[Entries taken from a collection]
▬▬▬

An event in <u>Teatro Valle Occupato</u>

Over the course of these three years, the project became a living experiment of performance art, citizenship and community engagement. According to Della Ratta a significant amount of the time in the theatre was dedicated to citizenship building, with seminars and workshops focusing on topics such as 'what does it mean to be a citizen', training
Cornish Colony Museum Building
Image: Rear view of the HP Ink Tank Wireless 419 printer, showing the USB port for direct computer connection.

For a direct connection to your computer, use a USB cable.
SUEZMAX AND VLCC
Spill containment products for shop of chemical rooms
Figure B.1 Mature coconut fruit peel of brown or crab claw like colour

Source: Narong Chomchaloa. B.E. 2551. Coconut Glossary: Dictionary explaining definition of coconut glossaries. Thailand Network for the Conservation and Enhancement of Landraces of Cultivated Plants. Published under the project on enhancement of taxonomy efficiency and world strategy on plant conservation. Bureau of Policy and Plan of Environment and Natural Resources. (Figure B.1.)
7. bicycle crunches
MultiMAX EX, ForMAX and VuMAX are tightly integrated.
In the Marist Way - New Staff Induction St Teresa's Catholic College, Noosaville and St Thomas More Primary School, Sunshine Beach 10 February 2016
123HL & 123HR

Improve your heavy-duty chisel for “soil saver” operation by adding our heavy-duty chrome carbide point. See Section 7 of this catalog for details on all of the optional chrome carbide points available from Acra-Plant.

▬▬▬

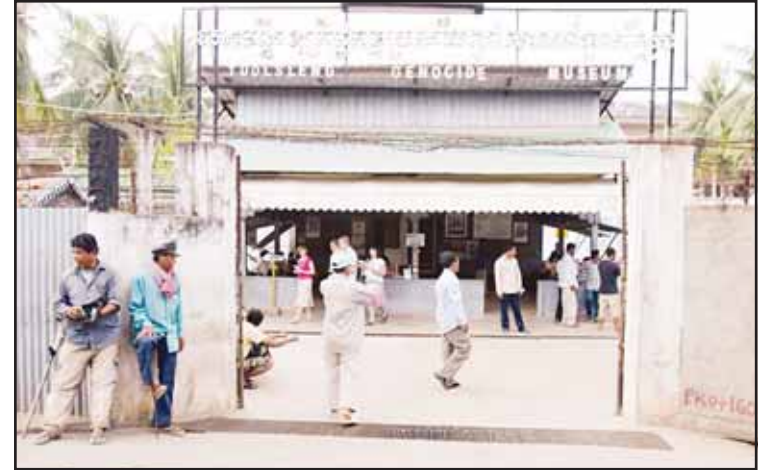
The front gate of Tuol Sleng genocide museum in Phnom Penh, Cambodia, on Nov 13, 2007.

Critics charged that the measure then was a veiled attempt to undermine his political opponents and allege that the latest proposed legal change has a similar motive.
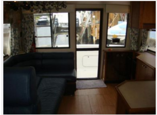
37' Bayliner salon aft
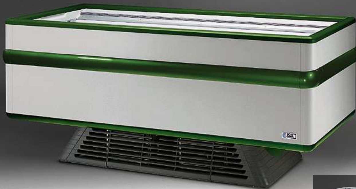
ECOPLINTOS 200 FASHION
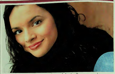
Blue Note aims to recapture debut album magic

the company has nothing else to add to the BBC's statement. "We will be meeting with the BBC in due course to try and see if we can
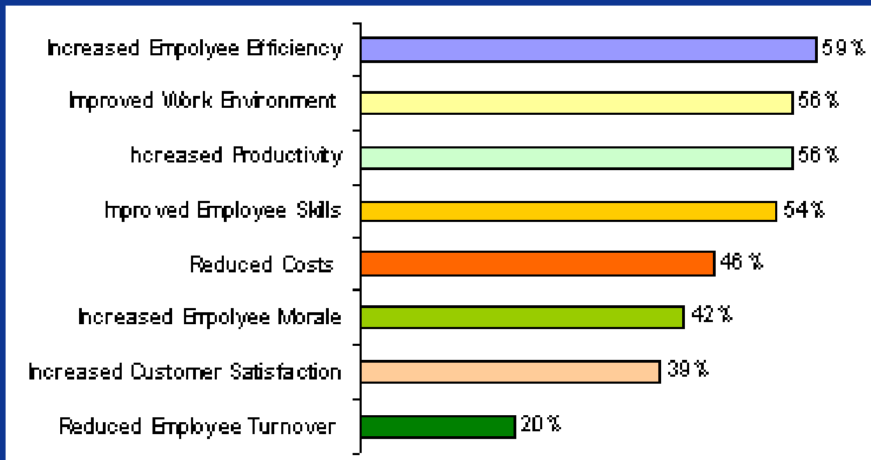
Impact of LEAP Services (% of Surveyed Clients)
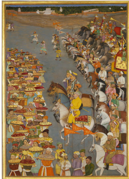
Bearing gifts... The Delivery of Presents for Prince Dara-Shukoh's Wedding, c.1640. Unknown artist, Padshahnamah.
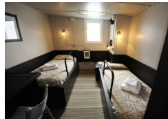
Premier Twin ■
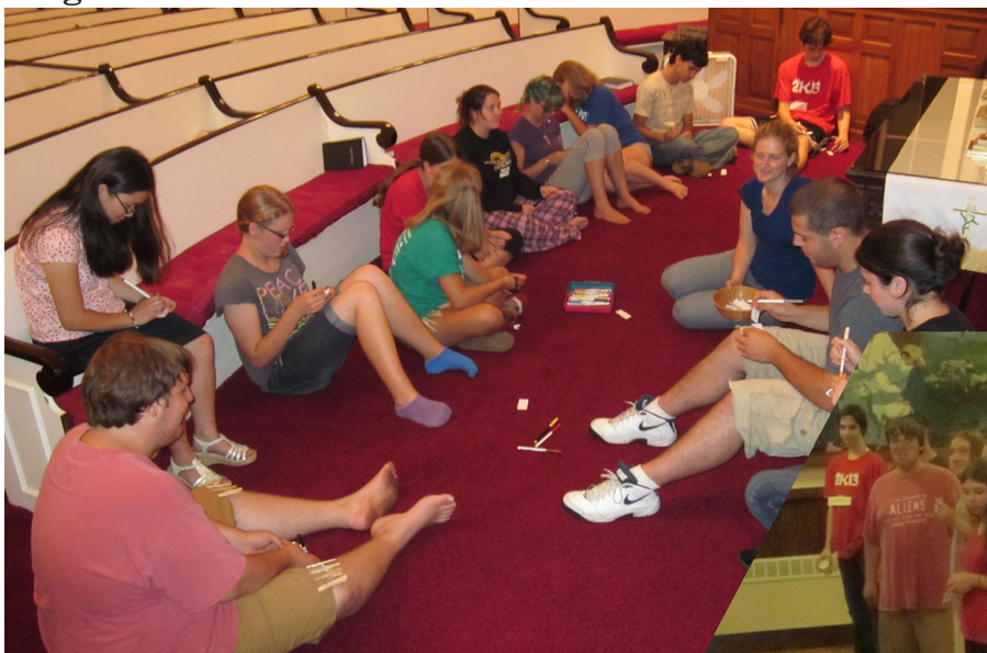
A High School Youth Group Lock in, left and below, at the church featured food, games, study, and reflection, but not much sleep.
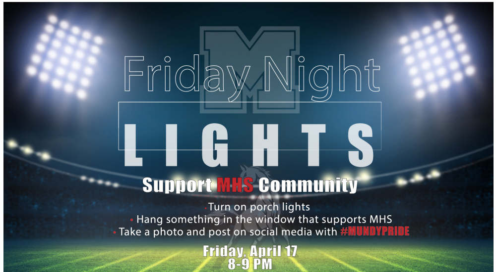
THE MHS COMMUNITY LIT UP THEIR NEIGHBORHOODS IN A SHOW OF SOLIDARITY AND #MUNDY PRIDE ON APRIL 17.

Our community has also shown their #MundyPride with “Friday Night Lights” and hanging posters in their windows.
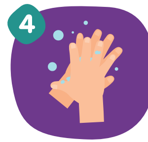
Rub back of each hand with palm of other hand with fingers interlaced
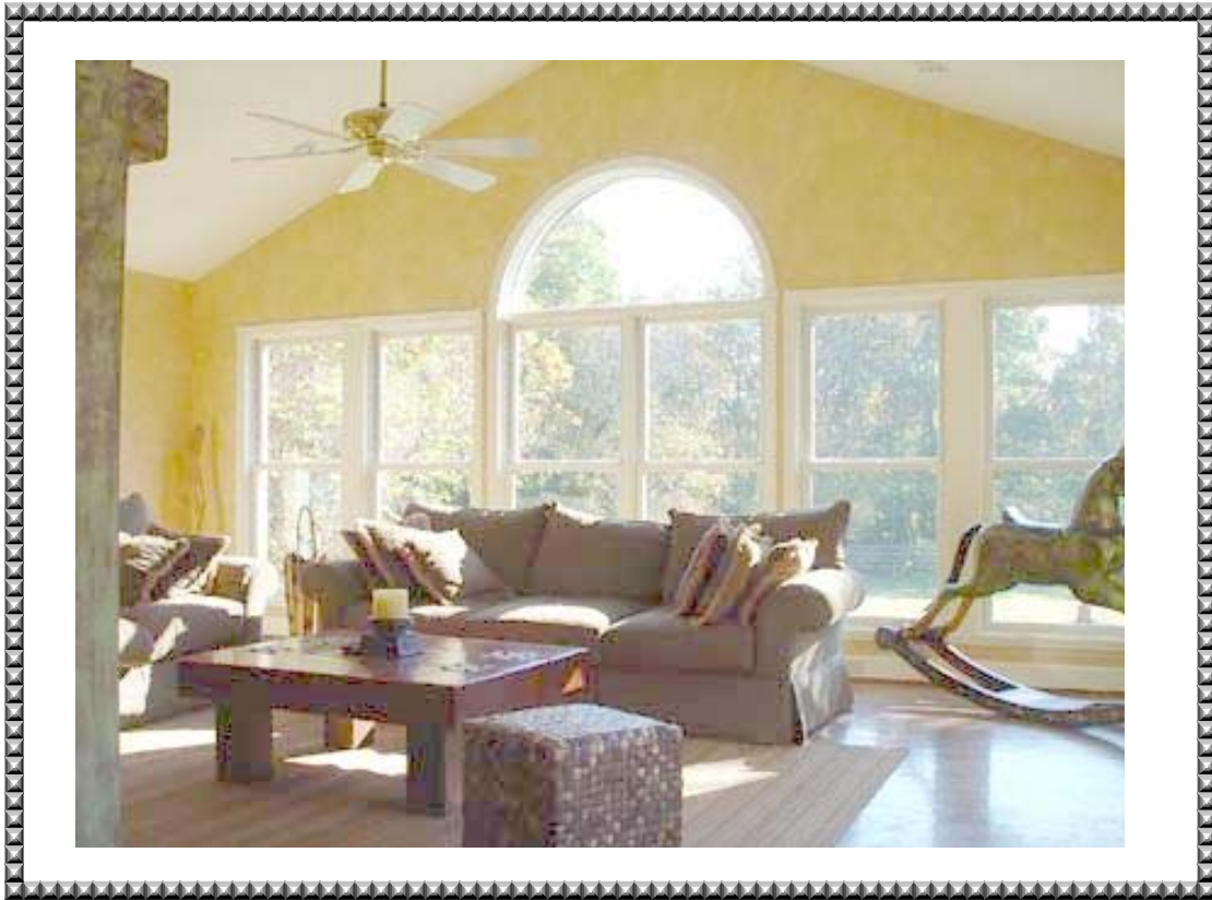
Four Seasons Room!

▬▬▬

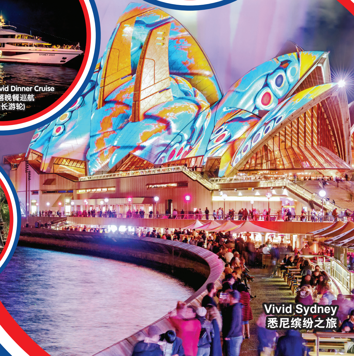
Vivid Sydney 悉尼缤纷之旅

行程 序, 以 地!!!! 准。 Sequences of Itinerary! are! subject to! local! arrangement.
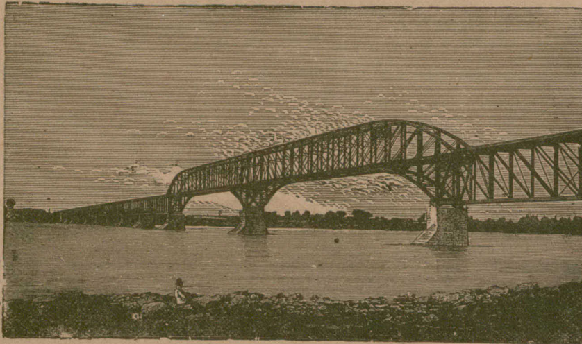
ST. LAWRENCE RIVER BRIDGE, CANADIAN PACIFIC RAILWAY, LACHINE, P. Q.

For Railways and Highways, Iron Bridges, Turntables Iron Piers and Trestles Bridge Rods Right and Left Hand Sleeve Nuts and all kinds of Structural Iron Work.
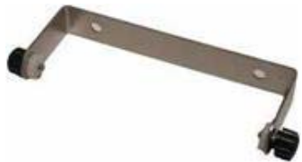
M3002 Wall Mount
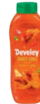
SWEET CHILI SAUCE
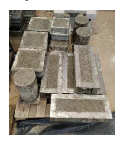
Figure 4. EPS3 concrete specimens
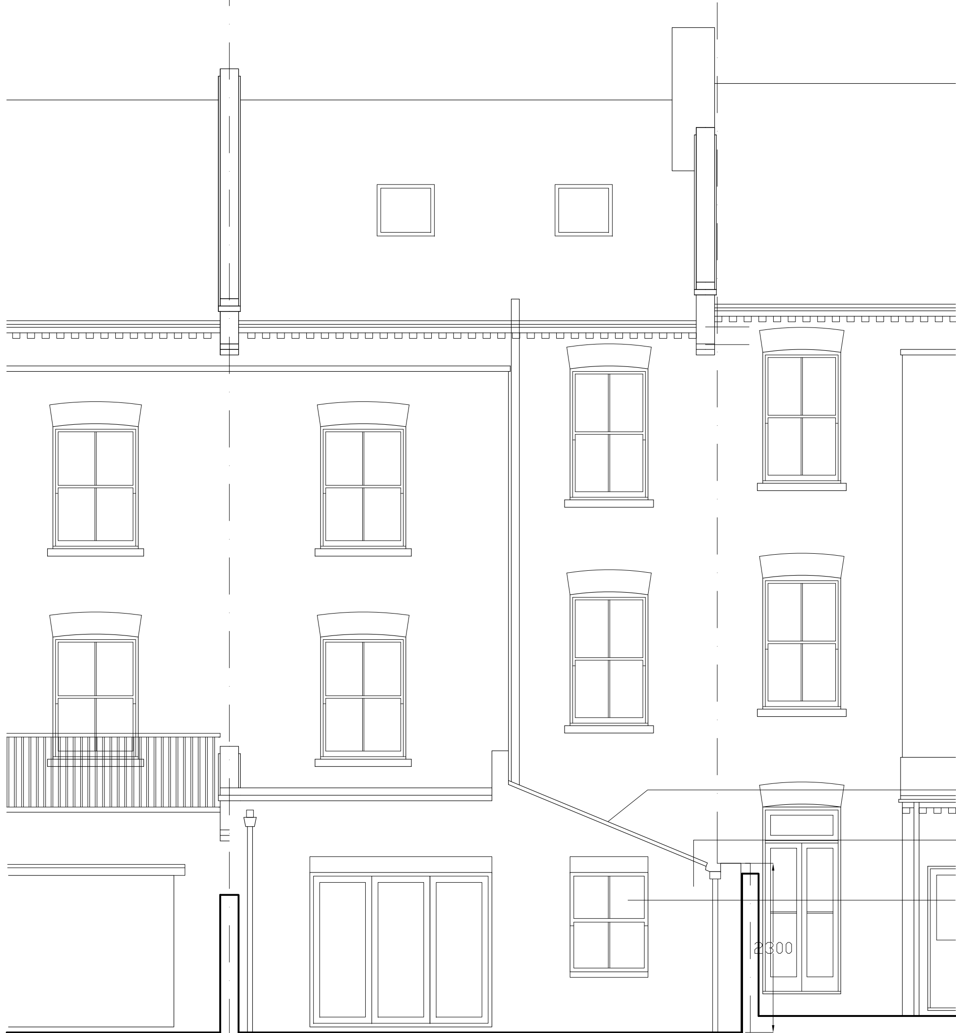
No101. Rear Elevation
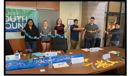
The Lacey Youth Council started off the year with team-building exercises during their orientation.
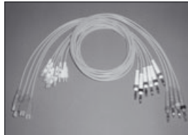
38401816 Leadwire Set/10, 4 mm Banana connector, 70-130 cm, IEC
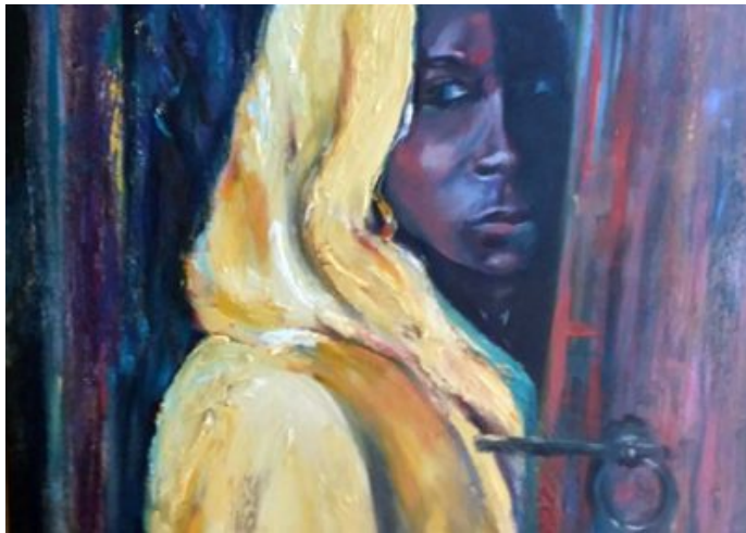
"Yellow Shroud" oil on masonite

▬▬▬

**Task statement:**
Show all lines in the entries above where the word "coconut" appears.

**Task answer:**
Figure B.1 Mature coconut fruit peel of brown or crab claw like colour
Source: Narong Chomchaloa. B.E. 2551. Coconut Glossary: Dictionary explaining definition of coconut glossaries. Thailand Network for the Conservation and Enhancement of Landraces of Cultivated Plants. Published under the project on enhancement of taxonomy efficiency and world strategy on plant conservation. Bureau of Policy and Plan of Environment and Natural Resources. (Figure B.1.)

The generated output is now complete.